Since the beginning of time, philosophers and scientists have tried to figure out exactly how the human brain propels people into mental or physical action—whether it’s scratching our heads, building a house, calculating the gratuity on a restaurant check or deciding today to put something off until tomorrow.
Alfred Mele, the William H. and Lucyle T. Werkmeister Professor of Philosophy at Florida State University, has just received a 2007-08 National Endowment for the Humanities Fellowship to write a book that combines recent data in neuroscience and social and cognitive psychology with the philosophy of action.

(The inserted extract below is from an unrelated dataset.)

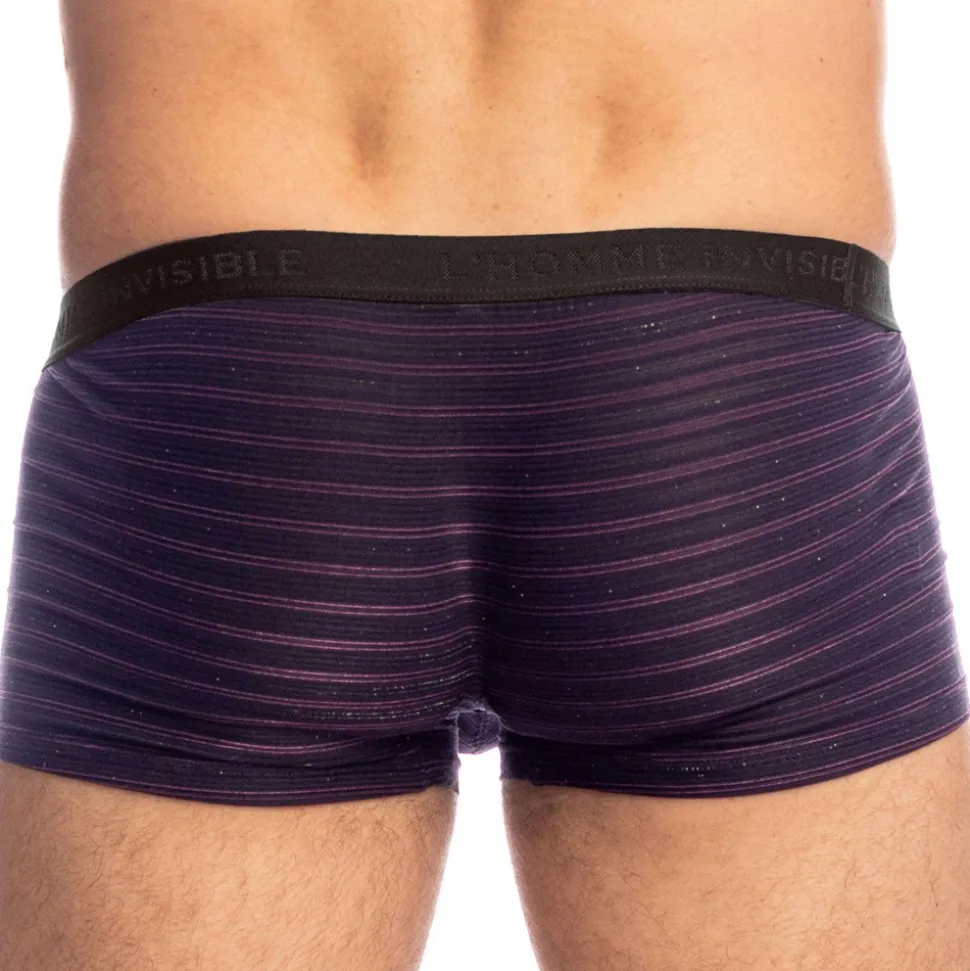 Shorty glamour et élégant en tissu ultra soyeux, léger et confortable. Fines rayures qui mettent en valeur les formes du corps. Fils métallisés Lurex pour un subtil effet pailleté. Poche frontale ergonomique push up non doublée. Absence de couture à l’arrière et sur les côtés, pour un effet seconde peau. Ceinture élastique contrastée signée L’Homme Invisible.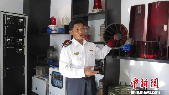 王炳交向记者介绍灯塔的工作原理。刘家宇摄

"Alfred Mele is a star in the philosophy of action," said one NEH panelist in rating Mele’s proposal. "His proposed project is something rather unusual in philosophy. He wants to reinterpret the findings of experimental psychologists in a philosophically informed and sophisticated way."
Mele said he intends to debunk exaggerated claims about what the new scientific data show. For example, one neurobiologist contends that the brain decides to initiate actions about a third of a second before the person becomes aware of it and the remaining window of opportunity for "free will" in producing actions is tiny—about 100 milliseconds. Another says "conscious intentions" play no role in producing actions. Mele’s book, which is intended for scientists, philosophers and philosophy students, will argue that these scientists have an underdeveloped conceptual framework for the topic.
"When it comes to human action, conceptual and empirical work are much more productive in combination than either is on its own," Mele said in his grant proposal.
The $40,000 fellowship will allow Mele to write the book, his seventh, during a 2007-08 sabbatical leave from FSU. The fellowships are highly competitive; only 153 of the nearly 1,400 proposals received funding this year. This is not Mele’s first NEH fellowship, however. He also received awards in 1985-86, 1992-93 and 1999-2000.